Aim of the exercise
All lines below starting at the one that holds "Jaimuay Sae Ung, of" and ending at the one that holds "Hrací centrum Bestway" should be printed exactly, ends included. Pictures should not be printed, nor anything else.

Provided records
• • • • • • •

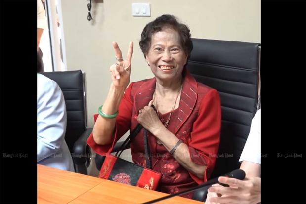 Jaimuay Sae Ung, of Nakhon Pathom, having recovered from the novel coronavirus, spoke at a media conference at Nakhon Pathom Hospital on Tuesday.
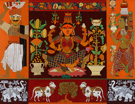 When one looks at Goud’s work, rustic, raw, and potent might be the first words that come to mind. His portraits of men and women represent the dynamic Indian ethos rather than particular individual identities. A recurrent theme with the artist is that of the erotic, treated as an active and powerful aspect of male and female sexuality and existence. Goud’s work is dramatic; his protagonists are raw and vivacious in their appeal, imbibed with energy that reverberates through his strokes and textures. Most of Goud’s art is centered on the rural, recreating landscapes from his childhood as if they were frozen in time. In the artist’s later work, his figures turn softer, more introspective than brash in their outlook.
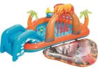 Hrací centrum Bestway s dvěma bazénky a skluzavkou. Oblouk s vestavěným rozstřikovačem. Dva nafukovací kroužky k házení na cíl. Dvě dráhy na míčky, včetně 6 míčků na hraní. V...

• • • • • • •

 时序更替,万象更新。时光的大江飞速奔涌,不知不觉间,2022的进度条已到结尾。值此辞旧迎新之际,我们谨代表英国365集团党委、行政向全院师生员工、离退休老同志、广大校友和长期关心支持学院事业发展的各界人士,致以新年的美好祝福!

• • • • • • •

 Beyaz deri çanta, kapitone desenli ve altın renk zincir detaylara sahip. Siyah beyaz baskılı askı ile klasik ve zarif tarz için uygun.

• • • • • • •

Answer to this task
 Jaimuay Sae Ung, of Nakhon Pathom, having recovered from the novel coronavirus, spoke at a media conference at Nakhon Pathom Hospital on Tuesday.
 When one looks at Goud’s work, rustic, raw, and potent might be the first words that come to mind. His portraits of men and women represent the dynamic Indian ethos rather than particular individual identities. A recurrent theme with the artist is that of the erotic, treated as an active and powerful aspect of male and female sexuality and existence. Goud’s work is dramatic; his protagonists are raw and vivacious in their appeal, imbibed with energy that reverberates through his strokes and textures. Most of Goud’s art is centered on the rural, recreating landscapes from his childhood as if they were frozen in time. In the artist’s later work, his figures turn softer, more introspective than brash in their outlook.
 Hrací centrum Bestway s dvěma bazénky a skluzavkou. Oblouk s vestavěným rozstřikovačem. Dva nafukovací kroužky k házení na cíl. Dvě dráhy na míčky, včetně 6 míčků na hraní. V...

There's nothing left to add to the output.